Facing the Page

February 16, 2010

Although I love to write, I, like most writers, dread “facing the page.” Once you decide you want to write, you have an enormous responsibility to make sure that you actually do write. You are suddenly responsible for other lives, other stories, other worlds. Your characters flourish or flounder at the tip of your pen (or via the clickety-clack of your keyboard). Who needs such responsibility in a world where we are overloaded and overwhelmed? I sure the hell don’t!

And yet… once I am willing to “give in” to my “higher powers” and “surrender” myself to all the voices in my head (and yes, I hear them!), then I find my writing starts to flow. So, if you’re like me, clear your workspace, set the mood, get your “music to write movies by” playing, and… submerge yourself in your gifts.

More importantly: Don’t judge, don’t backtrack, don’t edit, don’t criticize. Just keep moving the pen (or the fingers). Get the ideas down. Easier said than done, I know.

Today I have a short script I’ve been working on, as well as my feature that I have not finished, but have vowed to finish by the end of February. ┬áSo… I take a glance at my looking-glass today… I see the rain, the threat of snow, the silver-blues and grays… I embrace them and let them help guide me to the words my heart needs to say. There’s so much I need to say… must get started.

Advertisements

Surviving February

February 15, 2010

I come from sunny Los Angeles, but have been living in Tokyo for the last 16 years. And every year, about this time, I am struck by the chilling reality that while global warming might kill us in the end, there’s the strong possibility that some of us might freeze to death first.

And yet… I love February in Tokyo: grey skies, icy rain, millions of people rushing about in sweaters and scarves, braving the winds, sidestepping the puddles, hiding from flurries of snow…
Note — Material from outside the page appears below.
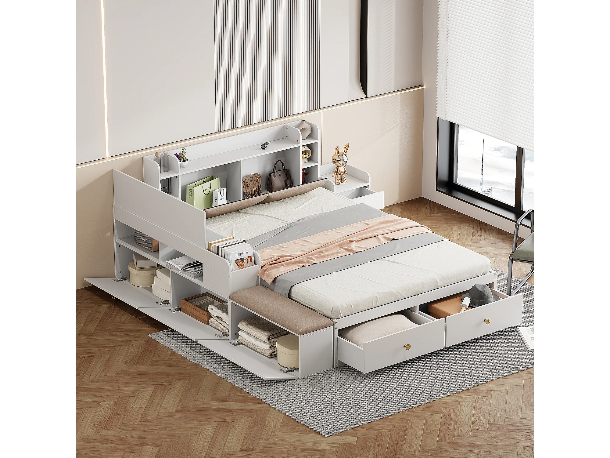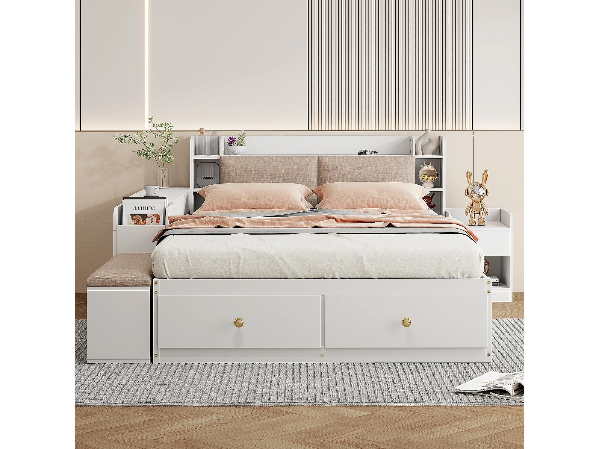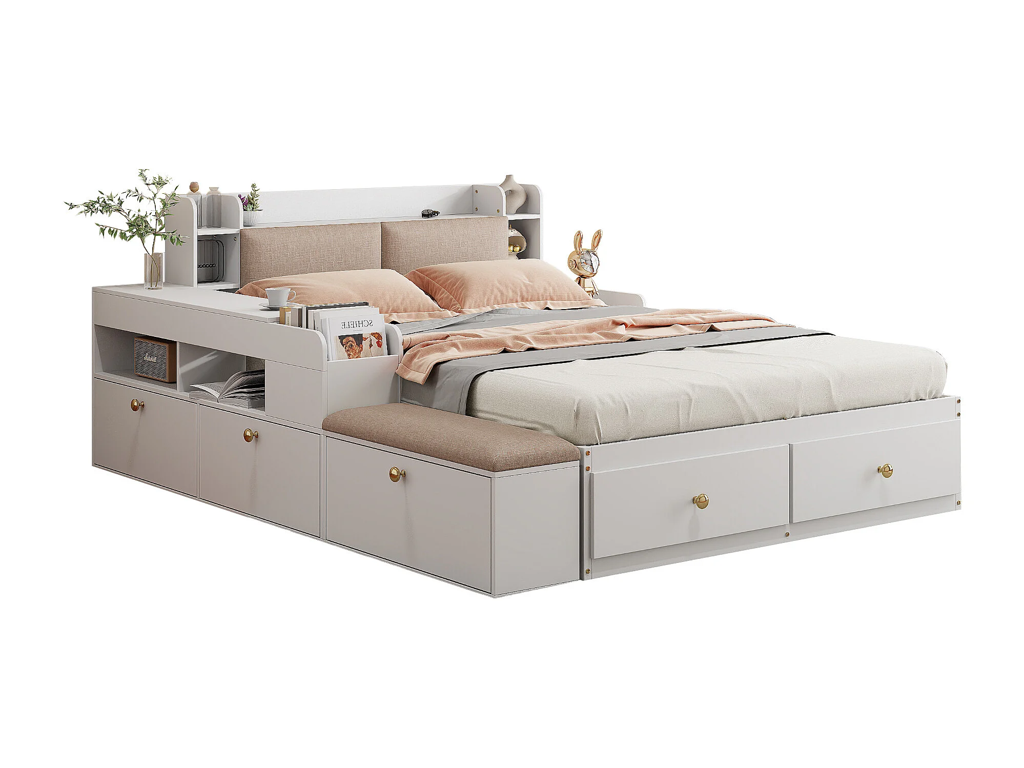 Lit combiné en bois massif 140x200 cm avec tête de lit rangement, tiroirs, table de nuit et banc, blanc

And I love… anchoring myself to the table in my living room because every other room in my manshon (Western apartment) is simply too cold to walk into. And so it is from this table that I write my message to the world, and the looking-glass I see today is a dark, dreary, overcast one. But… there is much beauty in the greys, the silvers and the clouds that swirl and swoop and threaten…

Let them, I say. Perfect weather for writing a drama… which is what I’ve been doing. My first dramatic screenplay. What a struggle! The laughs have always come to me easily, but a drama… well, indeed, that’s a horse of a different color. But I soldier on, because I’ve made a promise to myself to finish my drama before the end of this month. I’m going to embrace my February, it’s depressing gloom, its short, snowy days. I’m going to make it work for me.

This is my first entry and I will endeavor to use this blog to share with you what I see through my looking-glass, a displaced Los Angeleno in his now adopted home of Tokyo, a songwriter turned screenwriter with a dream of seeing my screenplays on the silver screen… or even on the computer screen.

This is my creative adventure, my chance to share a few observations about all that is odd, strange, wonderful, beautiful, haunting, enchanting… all that I see through my looking-glass.